The new compounds according to the invention are therefore very potent chelating agents and are used in a wide variety of industrial applications Branches can be used, in particular to improve the quality of the water, with any harmful contamination of the water is avoided; they can also be used advantageously, for example, in the chemical industry.

The new compounds of the general formula I according to the invention also represent valuable therapeutic products, in particular useful as a kidney stone eliminator are.
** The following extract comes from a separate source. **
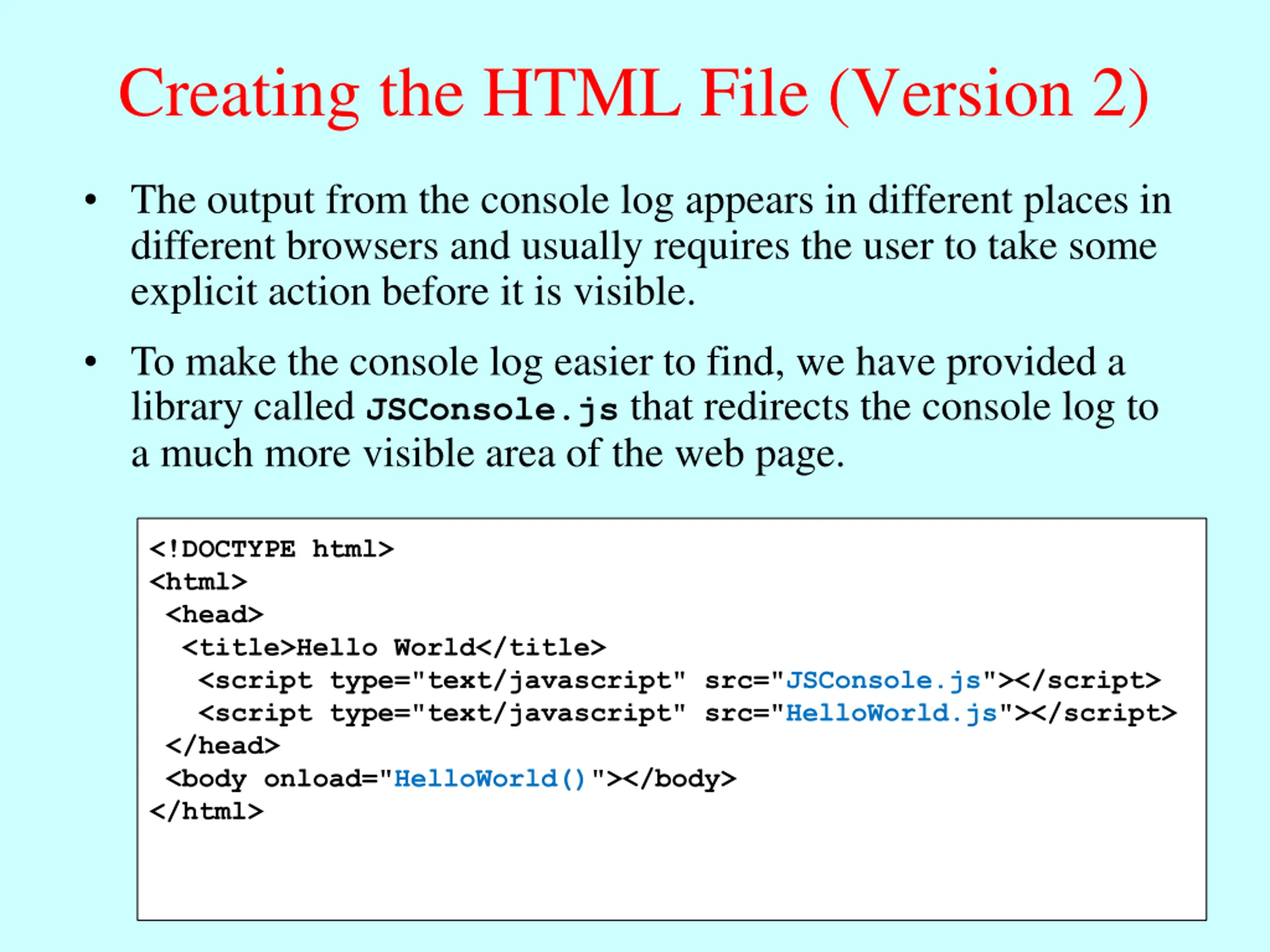 Creating the HTML File (Version 2) The output from the console log appears in different places in different browsers and usually requires the user to take some explicit action before it is visible. To make the console log easier to find, we have provided a library called JSConsole.js that redirects the console log to a much more visible area of the web page. <!DOCTYPE html> <html> <head> <title>Hello World</title> <script type="text/javascript" src="JSConsole.js"></script> <script type="text/javascript" src="HelloWorld.js"></script> </head> <body onload="HelloWorld()"></body> </html>

As is well known, the dissolution of kidney stones can either be carried out directly, i.e. by means of a probe that is directed to the local Sprinkling the kidney with a liquid containing a dissolving agent, or indirectly by acting on general Way of entering drugs that are able to dissolve these kidney stones. Satisfactory results are sometimes obtained for certain types of kidney stones based on uric acid, aronium phosphate, magnesium phosphate or L-stone.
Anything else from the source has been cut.